The “Agility” concept has been a buzzword in business management science (what you might call the MBA crowd) long before it reached IT and software development. It was based on the ideas of lean manufacturing, such as just-in-time, continuous improvement, quality circles, and so on.

In order to meet the challenges of the marketplace, companies need to change frequently to introduce new ways of working, new functions, and connect to new customers, partners and suppliers. Even a non-commercial organisation has to adapt to changing legal, political and social pressures, and try to improve cost-efficiency. Any organisation that has moved beyond paper-and-pencil will need its IT to adapt accordingly.
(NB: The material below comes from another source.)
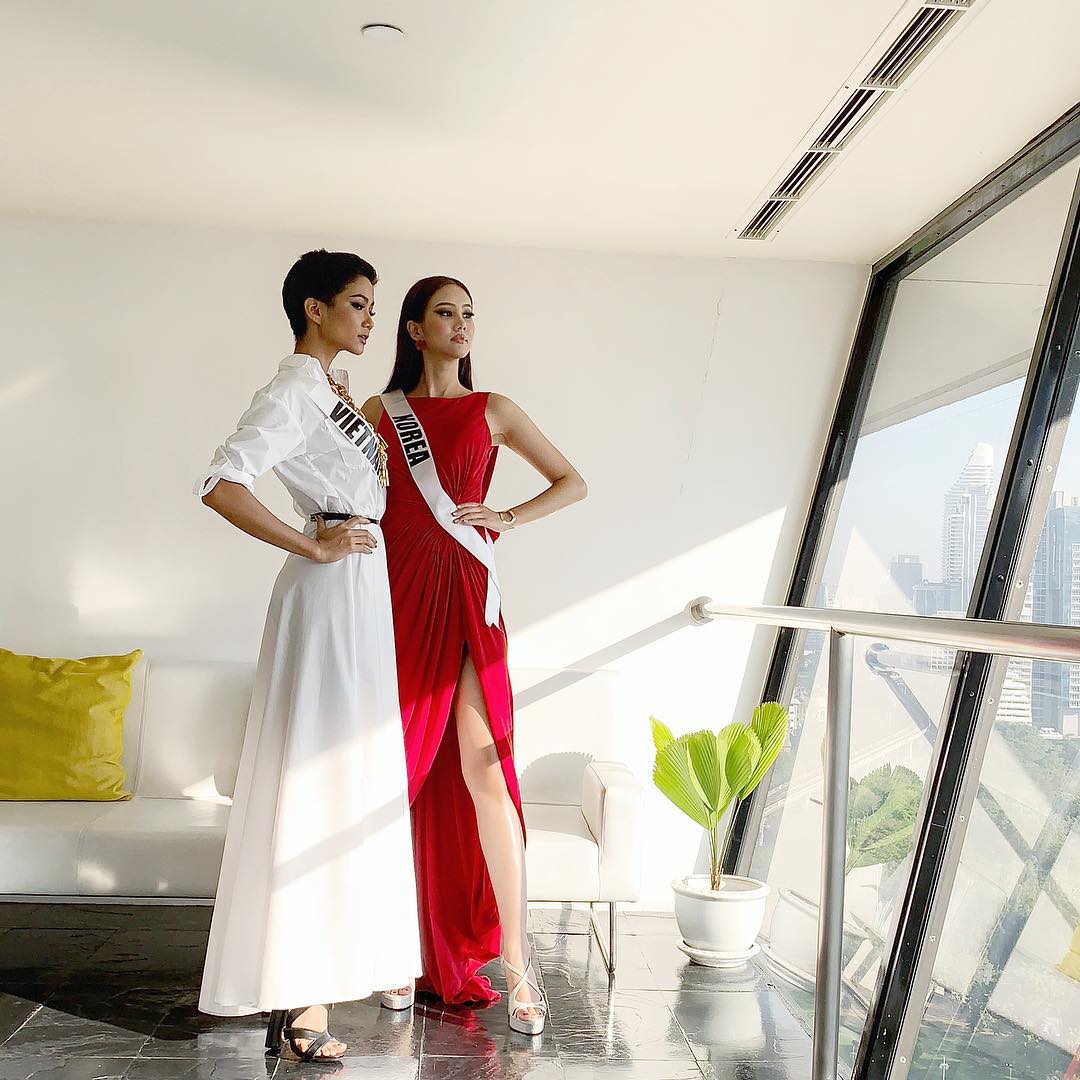 Cả hai thường có nhiều khoảnh khắc chụp ảnh, livestream chung và giúp đỡ nhau trong hậu trường. Khi về tới phòng hai người đẹp tỏ ra khá lầy lội.

The direct responsibility for changes like these will in many cases lie with a development team. They will have to produce a new application, or a new version of an existing one. Alternatively a new app may be purchased, or an old one reconfigured to support new tasks.
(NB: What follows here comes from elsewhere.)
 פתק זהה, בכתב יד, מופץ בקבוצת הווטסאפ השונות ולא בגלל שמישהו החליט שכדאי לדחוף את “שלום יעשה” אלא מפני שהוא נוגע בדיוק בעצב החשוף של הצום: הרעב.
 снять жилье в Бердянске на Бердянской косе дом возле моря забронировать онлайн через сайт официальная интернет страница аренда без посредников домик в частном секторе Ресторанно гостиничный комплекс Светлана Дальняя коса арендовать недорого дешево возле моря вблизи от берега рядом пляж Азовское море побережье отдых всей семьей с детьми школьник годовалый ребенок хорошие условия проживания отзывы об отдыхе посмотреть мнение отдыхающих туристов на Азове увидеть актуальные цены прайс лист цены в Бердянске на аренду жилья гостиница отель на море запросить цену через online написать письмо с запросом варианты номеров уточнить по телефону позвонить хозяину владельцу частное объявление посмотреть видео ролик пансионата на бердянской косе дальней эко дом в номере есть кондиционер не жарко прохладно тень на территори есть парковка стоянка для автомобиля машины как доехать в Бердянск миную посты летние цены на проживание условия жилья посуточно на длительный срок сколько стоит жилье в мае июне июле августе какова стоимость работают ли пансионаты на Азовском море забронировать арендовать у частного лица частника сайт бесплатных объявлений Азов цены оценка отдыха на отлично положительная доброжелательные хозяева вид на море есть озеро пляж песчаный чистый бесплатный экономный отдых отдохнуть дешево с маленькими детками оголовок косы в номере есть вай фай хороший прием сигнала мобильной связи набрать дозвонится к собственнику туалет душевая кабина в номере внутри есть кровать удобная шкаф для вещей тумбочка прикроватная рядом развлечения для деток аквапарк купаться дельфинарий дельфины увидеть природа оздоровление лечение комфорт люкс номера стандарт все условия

But then the responsibility passes to SysAdmin - to integrate and deploy these new technologies with a minimum of business disruption. New servers may need to be installed; additional capacity provided; new permissions added; new firewall configurations set up.

So there’s a cascading set of pressures: a changing world means the business has to adapt, and developers and vendors all race to keep up. Underneath it all, the SysAdmin function has to integrate these changes while keeping everything running smoothly.

The main business pressures on SysAdmin are:

  • control costs
  • ensure performance & capacity
  • ensure stability (uptime)
  • enable functionality
  • introduce system changes quickly

This list is hardly a new concept, but that doesn’t make it any easier to satisfy. Clearly costs will increase as you enhance the other four elements, but the others can conflict too – multiple redundancy for stability can reduce performance; offering the richest platform functionally (e.g. multiple choices of OS or language) so you can accommodate any whims of your developers may lead to a complex environment that eventually stagnates.

In recent years, the emergence of Agile practices in development has been due to a recognition that a “grand strategy” for product development, planning years into the future, is doomed to failure. This is because neither the development process nor business requirements are predictable at a detailed level beyond the short term.

So in a world where business requirements will change, development output is unknown in the medium term, and new technologies are being continually introduced, the main challenge for SysAdmin is to provide a lean environment that can adapt to (nearly) anything.  There do need to be some constraints - your developers cannot expect to switch from Linux to Windows at no notice, and you will probably have some mandatory guidelines on architecture, etc.

But to be any use at all, Agile SysAdmin has to describe ways to meet these objectives faster and with fewer resources than ever before.